TL;DR: VCs at Series A and beyond are now asking specific, document-level questions about how portfolio companies govern their AI systems. This 18-item checklist covers every area investors probe: policies, bias testing, data provenance, and regulatory exposure. Use it to walk into a diligence call prepared.
Fundraising conversations used to move past AI in a sentence or two. Investors would note that you used AI tools, tick a box, and move on to unit economics. That changed in 2025 when the EU AI Act's first enforcement deadlines arrived, when the FTC started naming companies in AI-related consent orders, and when several portfolio company AI incidents landed on front pages. By early 2026, AI governance had become a standard section in growth-stage diligence questionnaires, not a bonus topic for impact funds.
The shift is not driven by ethics alone. It is driven by liability. Investors who sit on boards bear exposure when a portfolio company ships a biased hiring tool, violates GDPR through an AI vendor, or faces an FTC action for deceptive AI outputs. Funds with LP agreements that include ESG or responsible-investment clauses face their own reporting obligations. The result is that diligence teams are asking founders to produce documents, not just describe intentions.

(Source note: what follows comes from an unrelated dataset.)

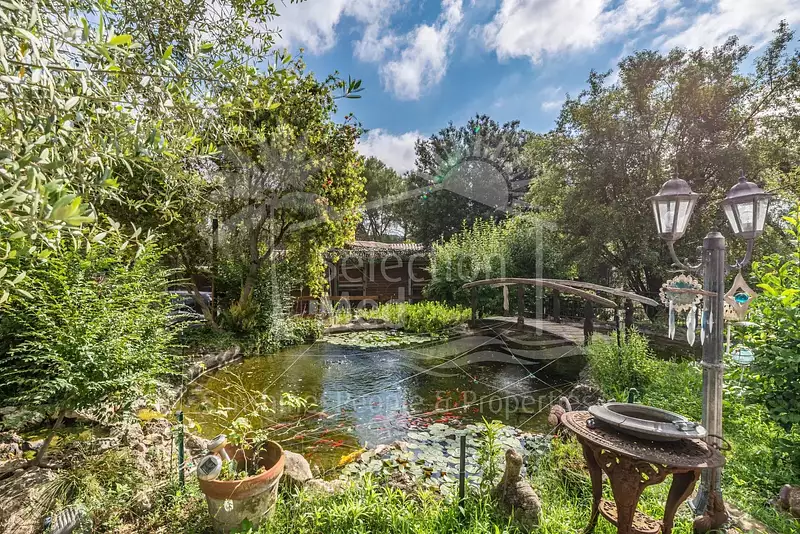 Le parc soigneusement aménagé se pare de multiples attraits naturels, dont une mare paisible entourée de nénuphars, apportant une note de poésie et de sérénité à l’ensemble.

Why VCs care about AI governance now
There are four concrete reasons AI governance moved up the diligence agenda in 2026.
Regulatory liability is real and it attaches fast. The EU AI Act places direct obligations on companies that deploy AI systems in high-risk categories, including hiring, credit scoring, and some customer-facing decision systems. Fines are calculated as a percentage of global annual turnover, and investors who acquire meaningful equity stakes can inherit exposure through indemnification clauses. Andreessen Horowitz's AI governance guidance, published for portfolio companies in late 2024, specifically flags EU AI Act classification as a pre-investment requirement for companies with EU market access.
Insurance requirements are tightening. Several major insurers now require documented AI governance programmes as a condition of cyber or professional-liability coverage. If a portfolio company lacks adequate documentation and suffers an AI-related incident, coverage can be voided. This is a direct financial risk to returns, not just a reputational concern.
Reputational incidents are becoming acquisition blockers. In several 2025 M&A deals, acquiring companies discovered undisclosed AI governance gaps during integration diligence and either reduced their offer or walked. PE firms in particular have started adding AI governance representations and warranties to purchase agreements, which means the issue flows upstream to the VC's own exit modelling.
Training data IP disputes are rising. Lawsuits over unlicensed training data used by AI vendors are now in discovery in multiple jurisdictions. Portfolio companies that cannot demonstrate they reviewed their vendors' training data terms face contingent liabilities that must be disclosed in a fundraising data room.
The 18-item AI governance due diligence checklist
The items below reflect what investors are asking for in practice in 2026 diligence processes. For each item, the note in parentheses indicates the form of evidence investors typically want to see, not just a verbal confirmation.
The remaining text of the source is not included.